Worked example: 36 MHz transponder, DVB-S2, 8PSK 3/4

Symbol Rate = 36 / (1 + 0.20) = 30.00 Msym/s
Data Rate   = 30.00 × 2.228   = 66.84 Mbps

With ACM, that same transponder can drop to QPSK 1/2 in heavy rain (29.67 Mbps) and recover to 32APSK 9/10 in clear sky (133.59 Mbps) — all without operator intervention.

Choosing a MODCOD in Practice

The right MODCOD is dictated by your link budget — the difference between available C/N (from EIRP, path loss, receive G/T, noise figure) and the required C/N for the target MODCOD.

Rules of thumb:

4–6 dB fade margin is standard for contribution Ku-band in temperate climates.

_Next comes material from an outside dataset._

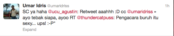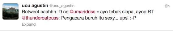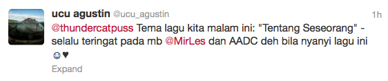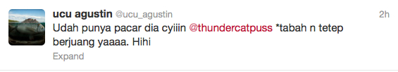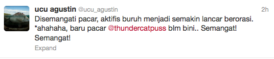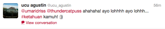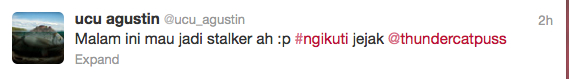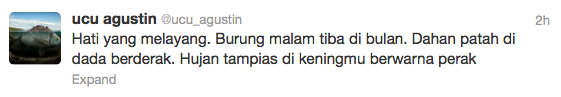 …Tapi tweet di twitter yang tadi ditulis ketika perasaan itu sedang merebak, hehe, rasanya mungkin cukup buat bisa dibikin atau dijadiin ilustrasi dari perasaan yang tadi terjadi antara aku dan thundercatpuss. Perasaan-perasaan yang blingsatan sesaat setelah diskusi di petang tadi – sebelum kemudian kami berkendara menembus malam ke arah selatan:

Add more in tropical or Ka-band environments where rain attenuation is severe.
QPSK 3/4 or 3/5 is the default starting MODCOD for most reliable broadcast contribution — it sits mid-table with a reasonable C/N requirement and good efficiency.
8PSK is the efficiency sweet spot for most professional contribution links with a reasonable 7–11 dB C/N margin over noise.
16APSK and 32APSK are reserved for high-EIRP uplinks, small rain zones, or short feeder links where the link budget is excellent. A 16APSK link that drops to QPSK in rain is fine with ACM; it is a disaster on fixed coding.
ACM is always preferable to VCM for point-to-point links — use it whenever your modem and IRD support it.

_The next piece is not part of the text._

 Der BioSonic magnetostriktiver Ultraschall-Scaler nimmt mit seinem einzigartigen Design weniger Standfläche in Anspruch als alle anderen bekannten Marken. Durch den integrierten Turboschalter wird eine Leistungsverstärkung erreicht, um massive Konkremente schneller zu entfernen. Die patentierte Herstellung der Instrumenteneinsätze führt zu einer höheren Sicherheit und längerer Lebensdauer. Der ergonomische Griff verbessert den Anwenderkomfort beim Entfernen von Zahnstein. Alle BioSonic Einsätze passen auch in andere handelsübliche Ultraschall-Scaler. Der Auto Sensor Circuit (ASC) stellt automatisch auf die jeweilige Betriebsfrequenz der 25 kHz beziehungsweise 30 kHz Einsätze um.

DVB-S vs. S2 efficiency comparison on a 36 MHz transponder

Standard	MODCOD	Roll-off	Symbol Rate	Data Rate
DVB-S	QPSK 3/4	0.35	26.67 Msym/s	40.00 Mbps
DVB-S2	QPSK 3/4	0.20	30.00 Msym/s	44.64 Mbps
DVB-S2	8PSK 3/4	0.20	30.00 Msym/s	66.84 Mbps
DVB-S2	16APSK 3/4	0.20	30.00 Msym/s	89.01 Mbps
DVB-S2	32APSK 9/10	0.20	30.00 Msym/s	133.59 Mbps
DVB-S2X	32APSK 9/10	0.05	34.29 Msym/s	152.72 Mbps

Moving from DVB-S QPSK 3/4 to DVB-S2X 32APSK 9/10 on the same 36 MHz transponder represents a 3.8× increase in data throughput — the compound result of lower roll-off, higher-order modulation, and stronger FEC coding.

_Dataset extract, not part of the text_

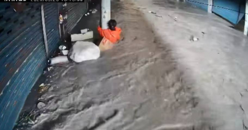 看著大量泥水湧入,民眾不斷驚呼,也不斷往高處撤離,有民眾也疑似來不及撤離,只能先爬上柱子避難。

Practical Application Areas

Direct-to-home (DTH): Typically QPSK or 8PSK with large fade margins. DVB-S2 ACM is used on return channels; broadcast downlinks are usually fixed coding.

Contribution (studio-to-transmitter): Often 8PSK or 16APSK with professional IRDs and uplink hardware. ACM widely used. Critical paths may use QPSK with heavy margin.

IP trunking / data: DVB-S2 Generic Stream Encapsulation (GSE) carries IP directly without MPEG framing. ACM on the data plane lets individual streams adapt independently.

HTS spot beams (Ka-band): DVB-S2X at tight roll-offs (0.05–0.10) and high-order MODCODs. Aggressive frequency reuse with precoding.

Point-to-multipoint distribution: Fixed coding, wide beams, QPSK or 8PSK. Lowest-common-denominator MODCOD serves the worst receiver in coverage.